* [Description of the task] Retype, word for word, only the lines from the one containing "香港恒生指数期货 当日内: 目标位为27750.00。" through the last line of the listing below. Pictures do not belong in the result.

* [Dataset excerpt]
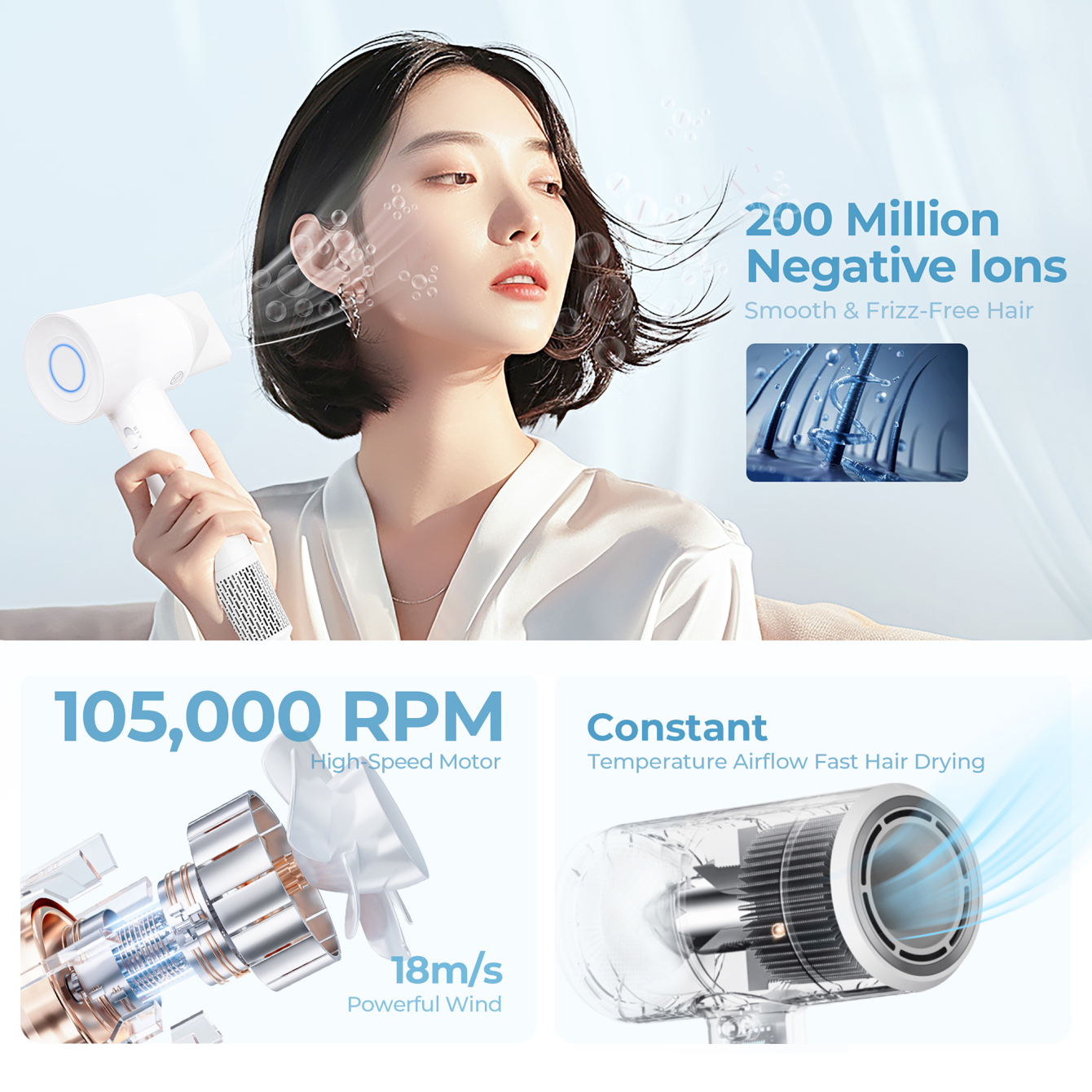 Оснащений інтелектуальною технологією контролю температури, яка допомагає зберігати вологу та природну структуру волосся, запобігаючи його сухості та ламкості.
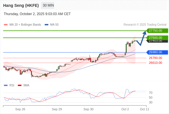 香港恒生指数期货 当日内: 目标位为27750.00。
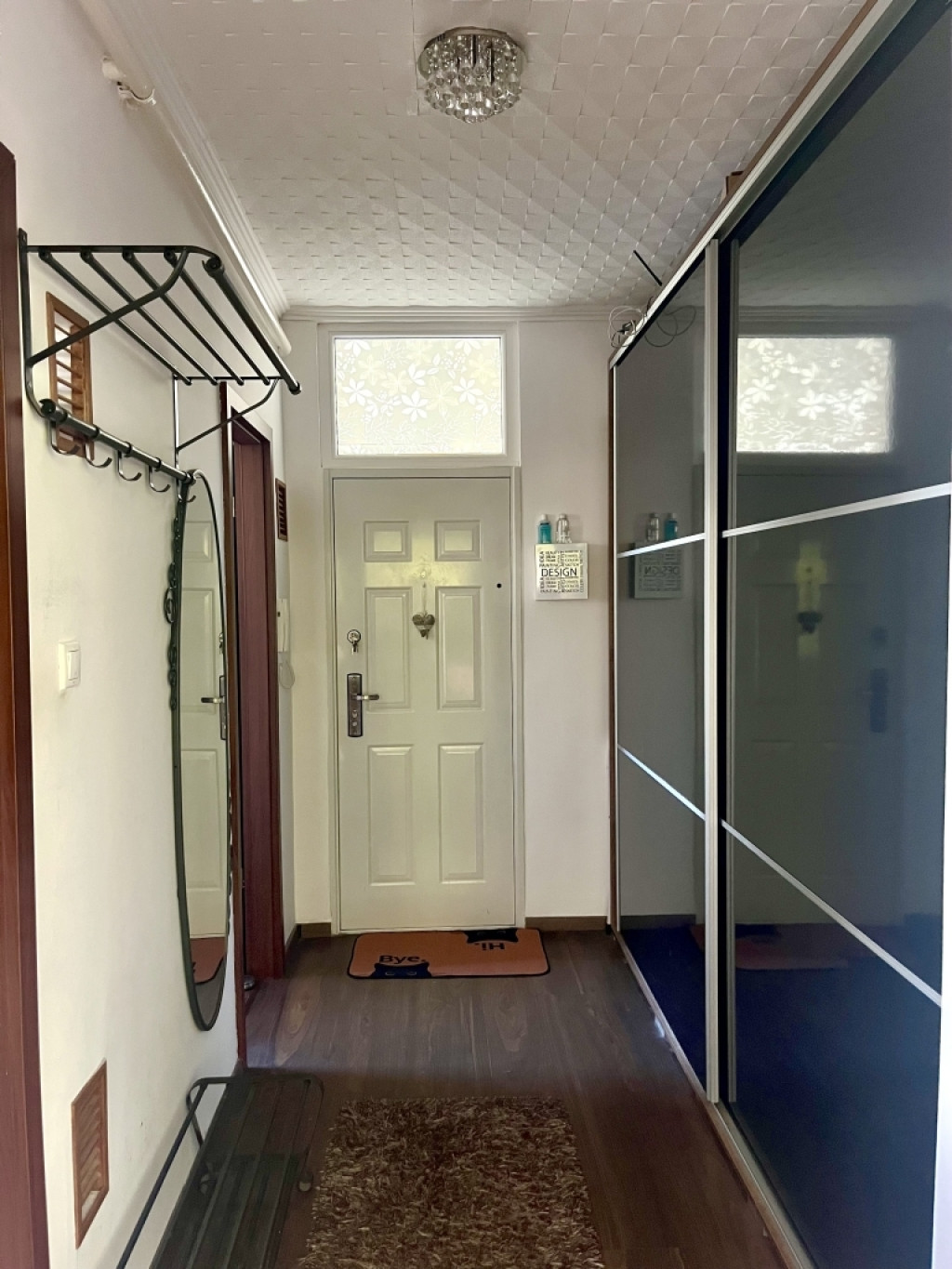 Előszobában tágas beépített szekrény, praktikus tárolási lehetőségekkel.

* [Answer space]
 香港恒生指数期货 当日内: 目标位为27750.00。
 Előszobában tágas beépített szekrény, praktikus tárolási lehetőségekkel.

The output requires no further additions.